About this exercise. Can you quote, word for word, every line from the first line of the records below through the line containing "備用電源 充電器 便攜環保綠能", and nothing else?
================================
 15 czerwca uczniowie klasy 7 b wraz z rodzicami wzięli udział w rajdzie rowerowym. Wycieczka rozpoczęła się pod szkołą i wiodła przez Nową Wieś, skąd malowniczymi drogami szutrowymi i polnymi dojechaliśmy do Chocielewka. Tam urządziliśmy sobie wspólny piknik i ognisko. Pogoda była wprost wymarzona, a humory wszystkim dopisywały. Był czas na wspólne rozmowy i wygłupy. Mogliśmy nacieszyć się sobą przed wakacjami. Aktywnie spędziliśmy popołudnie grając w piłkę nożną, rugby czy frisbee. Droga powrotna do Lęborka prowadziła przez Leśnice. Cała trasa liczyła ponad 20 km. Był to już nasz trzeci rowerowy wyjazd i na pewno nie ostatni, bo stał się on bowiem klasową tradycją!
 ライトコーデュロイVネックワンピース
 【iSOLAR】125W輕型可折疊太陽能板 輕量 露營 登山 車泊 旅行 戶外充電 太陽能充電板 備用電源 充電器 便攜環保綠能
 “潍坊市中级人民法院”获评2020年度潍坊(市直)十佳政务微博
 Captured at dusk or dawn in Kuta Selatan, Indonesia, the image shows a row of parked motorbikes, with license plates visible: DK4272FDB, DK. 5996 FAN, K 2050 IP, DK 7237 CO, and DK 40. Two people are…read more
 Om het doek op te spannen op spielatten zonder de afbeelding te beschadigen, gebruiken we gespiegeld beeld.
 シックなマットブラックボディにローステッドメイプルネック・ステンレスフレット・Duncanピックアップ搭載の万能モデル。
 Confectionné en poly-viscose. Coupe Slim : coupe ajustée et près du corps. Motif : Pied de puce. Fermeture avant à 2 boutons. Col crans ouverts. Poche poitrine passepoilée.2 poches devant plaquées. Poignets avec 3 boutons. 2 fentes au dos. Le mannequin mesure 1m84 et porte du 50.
================================
Written answer.
 15 czerwca uczniowie klasy 7 b wraz z rodzicami wzięli udział w rajdzie rowerowym. Wycieczka rozpoczęła się pod szkołą i wiodła przez Nową Wieś, skąd malowniczymi drogami szutrowymi i polnymi dojechaliśmy do Chocielewka. Tam urządziliśmy sobie wspólny piknik i ognisko. Pogoda była wprost wymarzona, a humory wszystkim dopisywały. Był czas na wspólne rozmowy i wygłupy. Mogliśmy nacieszyć się sobą przed wakacjami. Aktywnie spędziliśmy popołudnie grając w piłkę nożną, rugby czy frisbee. Droga powrotna do Lęborka prowadziła przez Leśnice. Cała trasa liczyła ponad 20 km. Był to już nasz trzeci rowerowy wyjazd i na pewno nie ostatni, bo stał się on bowiem klasową tradycją!
 ライトコーデュロイVネックワンピース
 【iSOLAR】125W輕型可折疊太陽能板 輕量 露營 登山 車泊 旅行 戶外充電 太陽能充電板 備用電源 充電器 便攜環保綠能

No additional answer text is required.